For now, we seem to be totally out of the danger zone.  After a week of seeing the forecast track right at us, it is a relief to see it turn...sort of.  Either way, there is devastation coming and lives at risk.  Now it is tracking towards my daughter and son-in-law, my parents, many friends and family and that doesn't feel better.  It feels a lot like holding your breath while you pray a hedge of protection around those in Irma's path. 

A few days ago I did my hurricane prep and already gasoline was running low in some stations, bread was nonexistent and water?  You could forget it...and that was several days ago.  I think I was not the only person planning not to be caught off guard this year. Hotels and dog kennels are filling up now as people who previously never dreamed they would ever need to evacuate towards the beach are coming here.

I will admit, this week is the first time I have thought that maybe moving away from the coast might be worth it...and then Irma shows me it doesn't matter.

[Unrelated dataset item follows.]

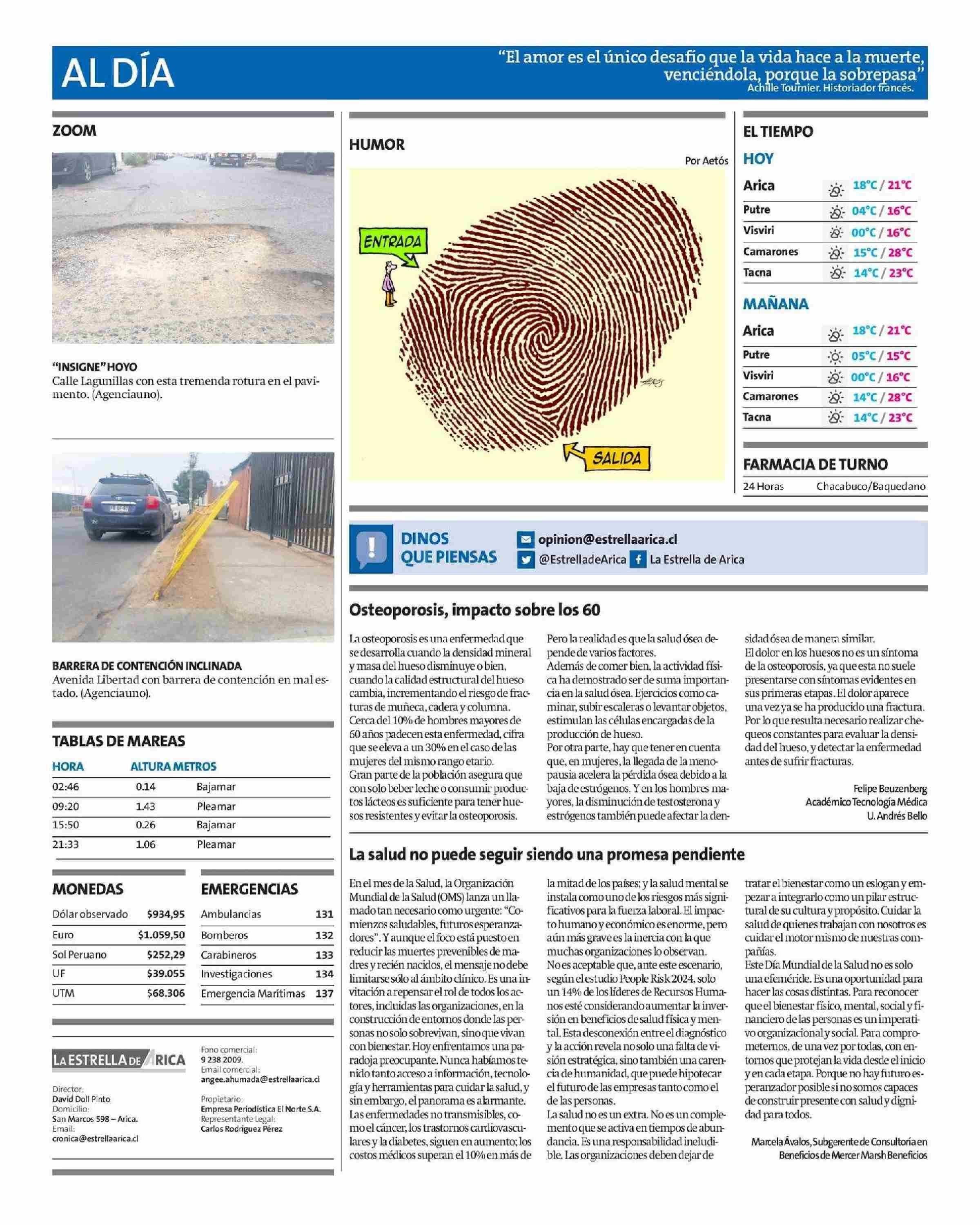 La salud no puede seguir siendo una promesa pendiente 28-04-2025 La Estrella de Arica |

There is some kind of risk everywhere.  I think the issue of having to ride these storms out alone is more the drive behind my internal debate on just picking up and leaving.  It is tiring.  But, here today....it is a gorgeous, not a cloud in the sky day...who would dream a monster is preparing an attack on the state of Florida at this very moment and heading northward towards Georgia? 

Praying God's protection upon everyone.  Stay safe.

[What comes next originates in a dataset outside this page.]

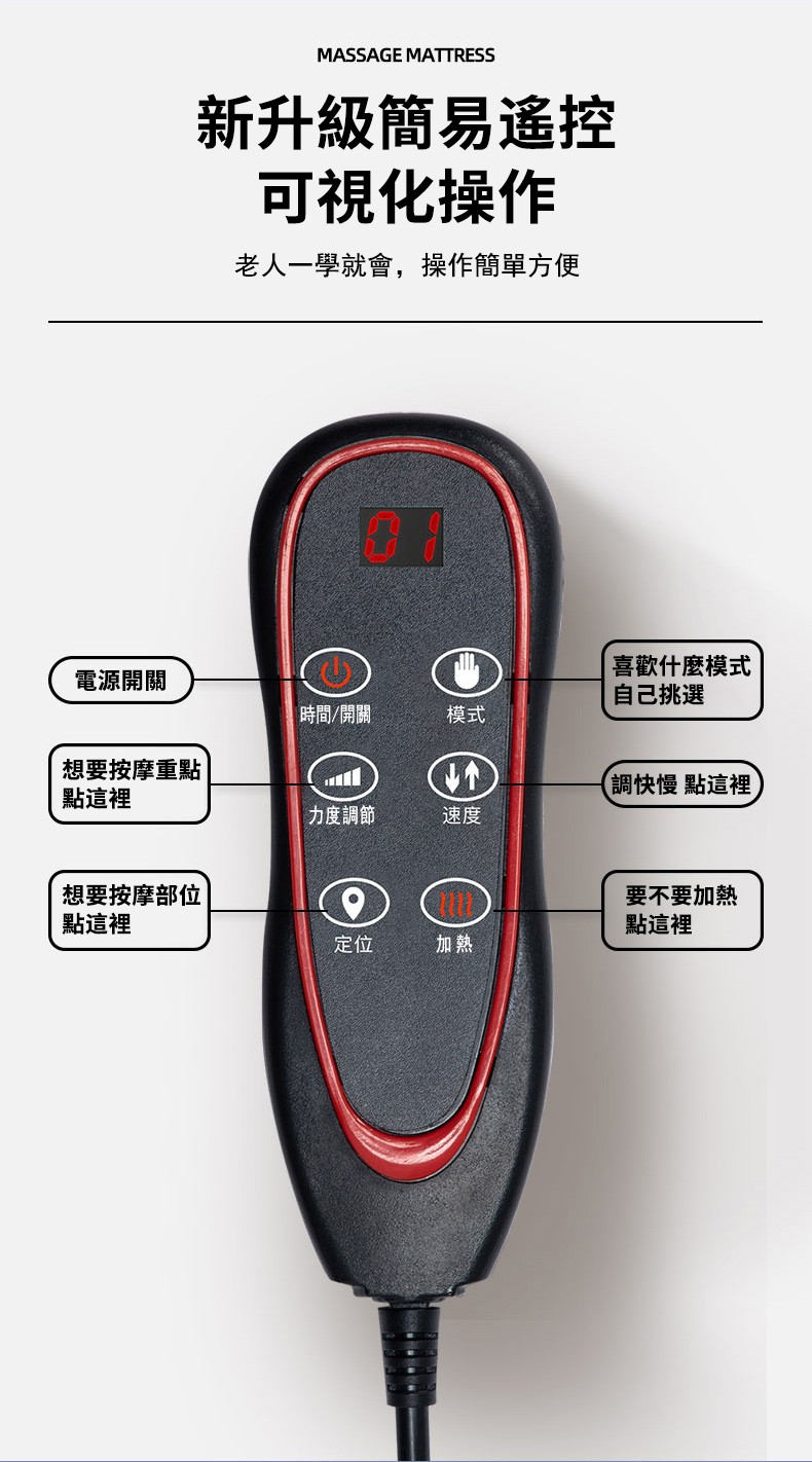 20分鐘前多功能全身按摩床墊 | 電動加熱頸椎、腰部、背部、腿部全方位按摩器,舒緩身心疲勞 - 6鍵旗艦款(6鍵揉捏+震動+氣囊+10電機+腰部熱敷)

Tuesday, September 5, 2017

Happy Birthday, baby boy...

 
How can I remember this day, buying this outfit and that sweet, soft blue blanket like it was yesterday? Maybe because the years seem to fly by faster and faster and I feel the shadow of adulthood all around?  This was my youngest son's 1 year photo.  We lived in New York at the time and I had a beast of a time finding anything semi-dressy.  My Southern Self was looking for something with smocking and preferably puffy pants but that was no where to be found in the New York where I was.  My youngest always loved to rub your ear (or his if no one was available)...if you sat next to him on the sofa or rocked him at night he would gently reach up and rub your ear lobe.  It was his connection and comfort.  I can remember seeing he and his older brother on the sofa watching TV and my youngest would be absent mindedly rubbing his brother's ear.  It was sweet, innocent and a way that I am sure bonded them together.  Today my baby boy turns 16 (at 9:09 PM to be exact) and he is at rehearsals for Beauty and the Beast, being produced by a local theater company. Before that he rushed home to get his new basketball and basketball shoes and was off to the Y before heading to rehearsals.  He is my renaissance man. I am excited to see the young man he is becoming.


But, I look at this face and I wonder...where did the time go?  Where did my little man go?  In his place stands an almost 6 foot tall amazement.  Today is bittersweet.  I am so thankful and happy for all he has done and is becoming but I miss that sweet baby in my arms.
 
I prayed for this child, and the LORD has granted me what I asked of him.
1 Samuel 1:27 (NIV)
 



Monday, September 4, 2017

Labor Day 2017

Do you have big plans for today?  I have had a house full this weekend since my daughter and her friends  came home to attend the Nascar race at Darlington, which was nice and always fun to have lots of laughter about.  They are scheduled to head home today and my son has rehearsals for Beauty and Beast (yes, today because the show opens on Friday) so it will be quiet around here.  I will be studying and trying to get a jump on the week.